- **REQUIREMENT**:
The whole listing, pictures aside, should be reproduced exactly.

- **DATA BLOCK**:
######
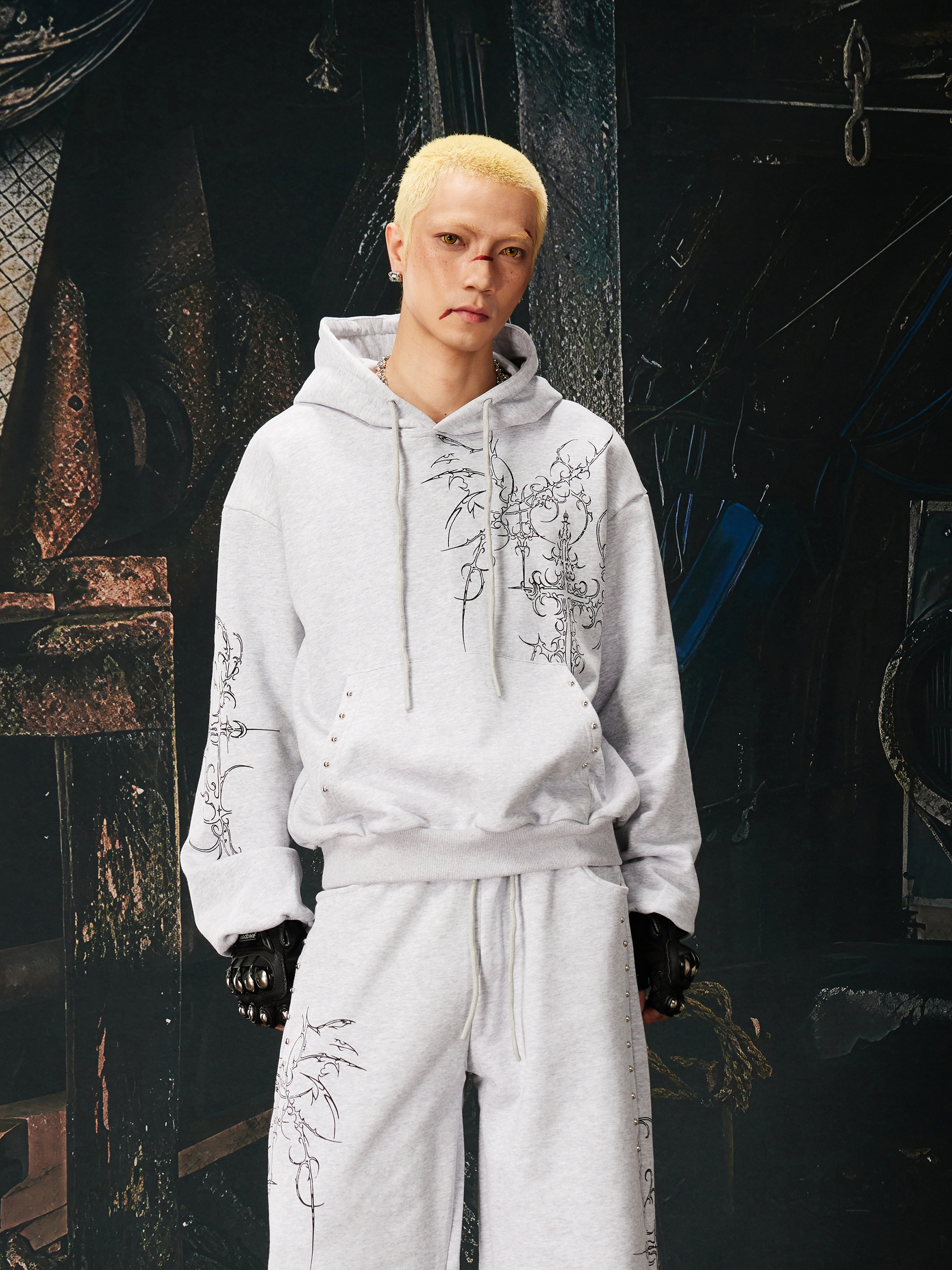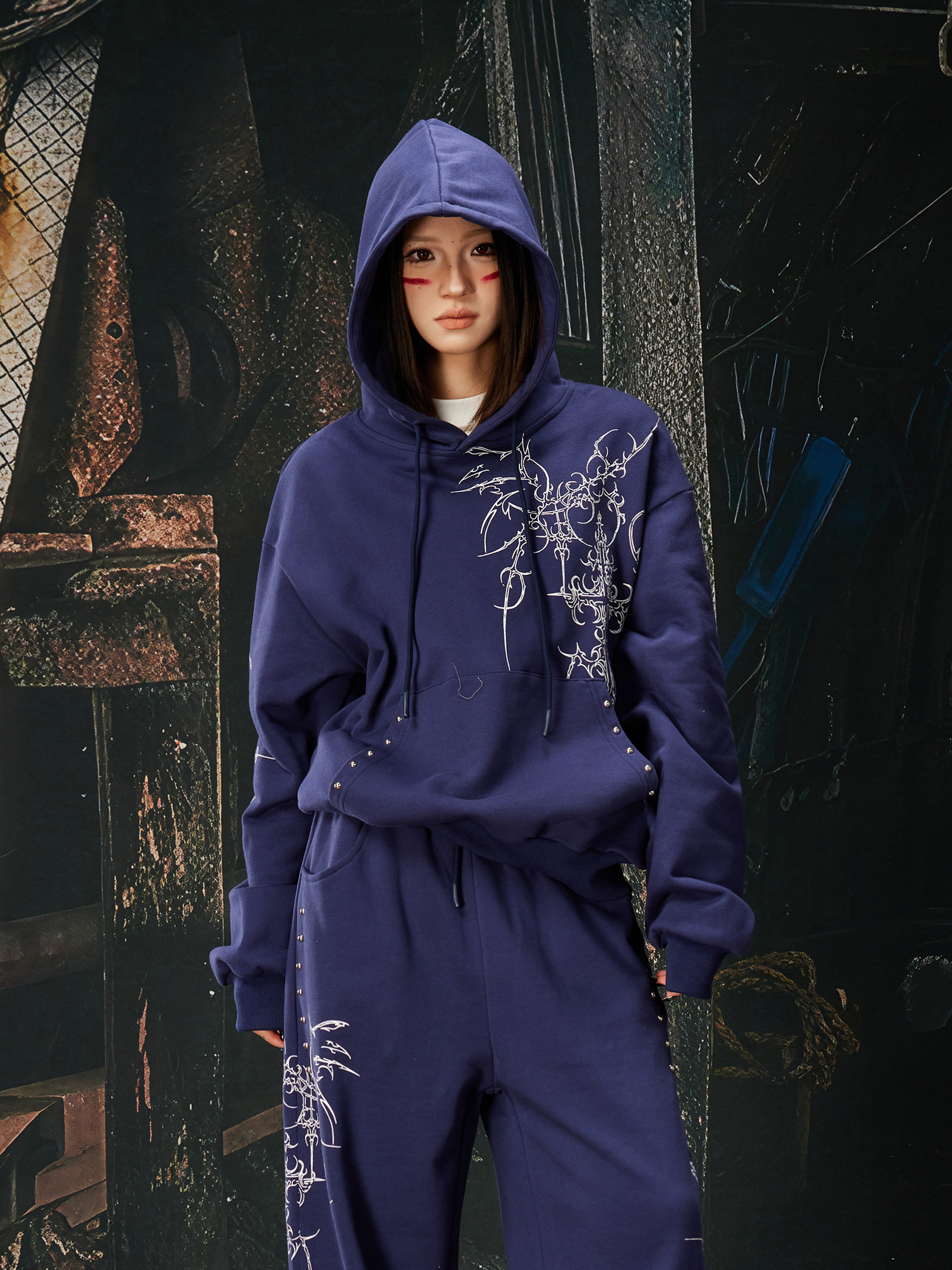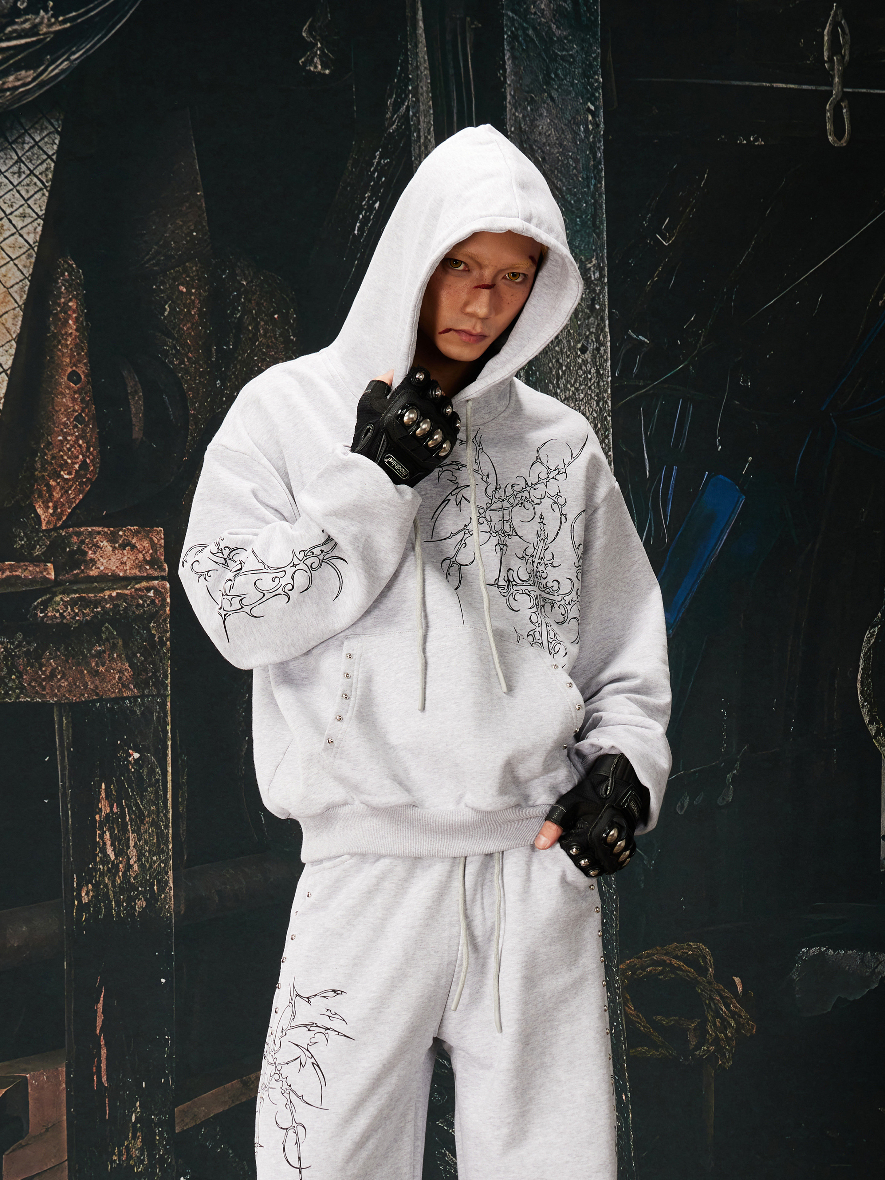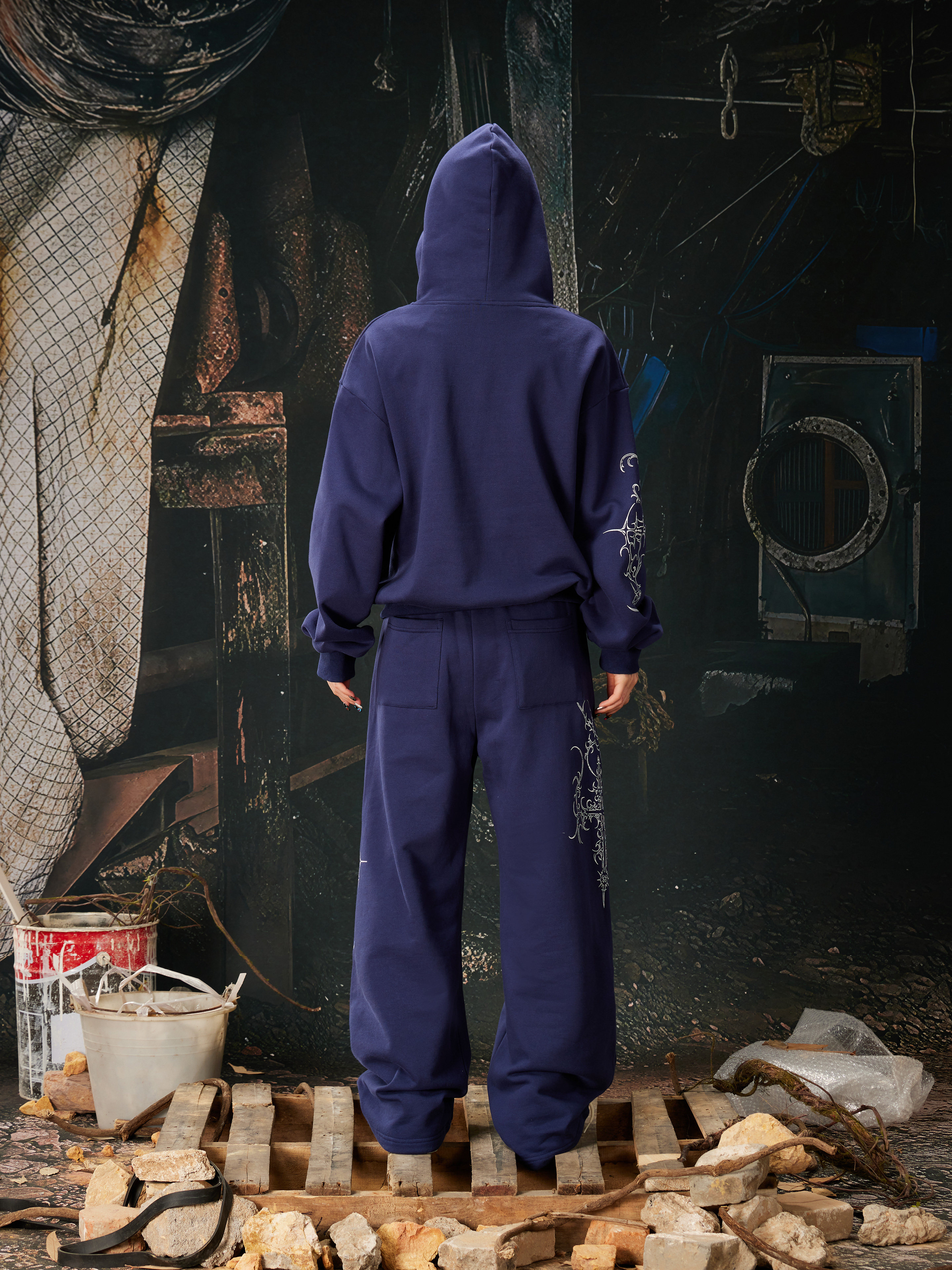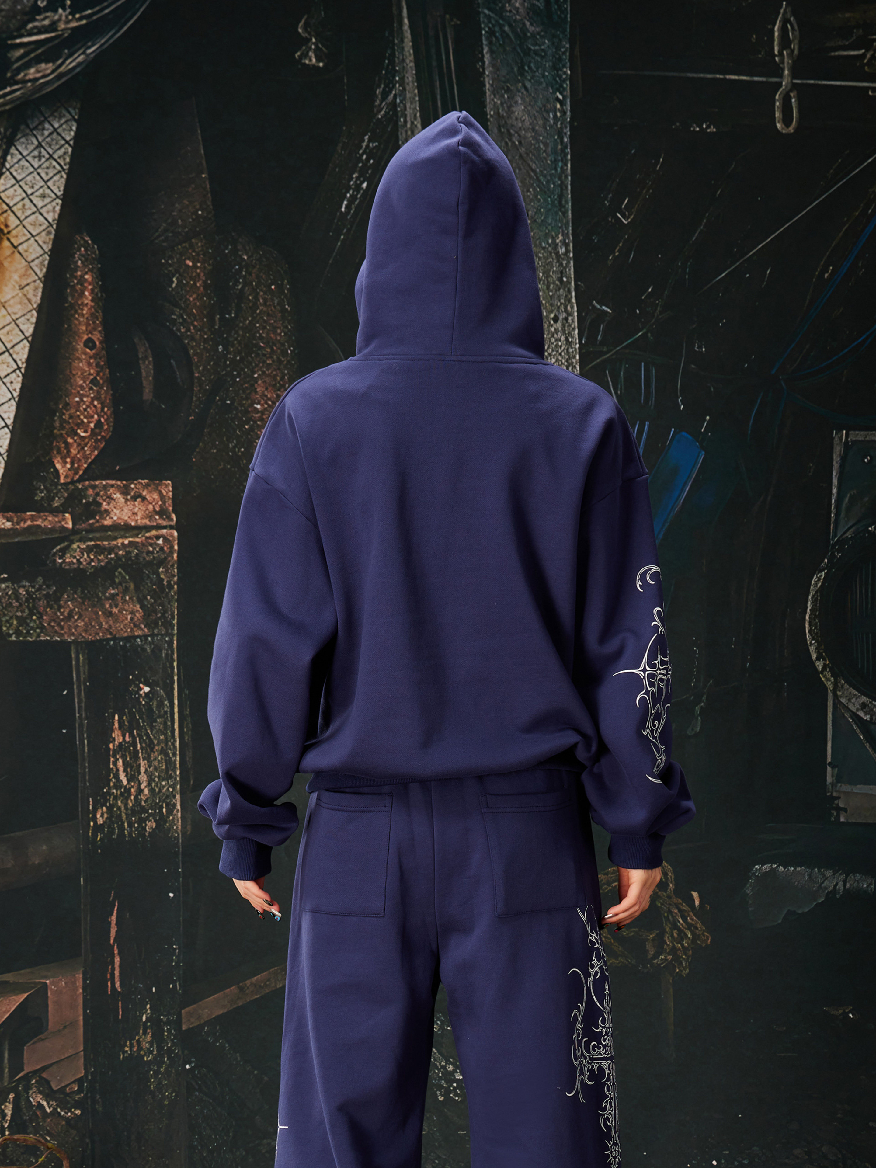 NOMANIAI Bramble Print Beaded Hooded Sweatshirt Sweatpants
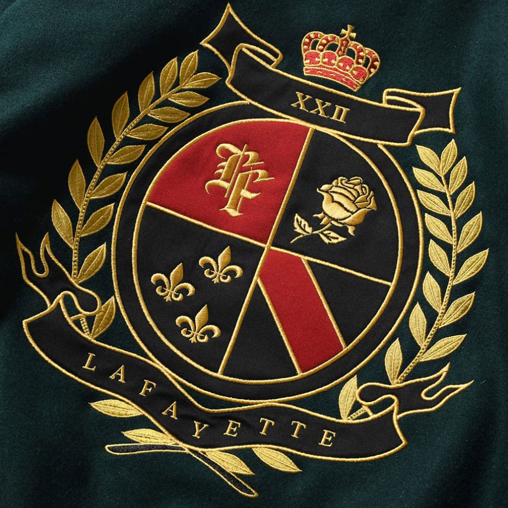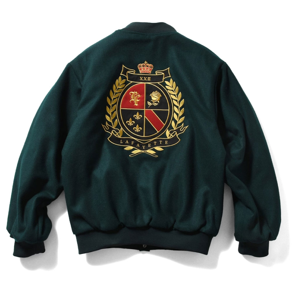 - > Heritage Melton Emblem Jacket Green スタジャン スナップ モノグラムLFロゴ チェーン ステッチ メルトン ジャケット
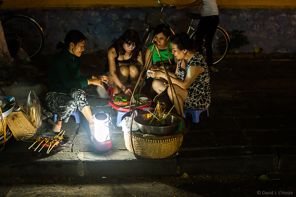 | Everywhere in Vietnam we visited it was a common sight to observe a lady with two baskets on a yoke set down the load, pull out a lantern, a grill, containers of fish sauce, rice paper, greens, peppers, and pork or chicken. The ultimate pop-up restaurant. |
######
- **YOUR SOLUTION**:
 NOMANIAI Bramble Print Beaded Hooded Sweatshirt Sweatpants
 - > Heritage Melton Emblem Jacket Green スタジャン スナップ モノグラムLFロゴ チェーン ステッチ メルトン ジャケット
 | Everywhere in Vietnam we visited it was a common sight to observe a lady with two baskets on a yoke set down the load, pull out a lantern, a grill, containers of fish sauce, rice paper, greens, peppers, and pork or chicken. The ultimate pop-up restaurant. |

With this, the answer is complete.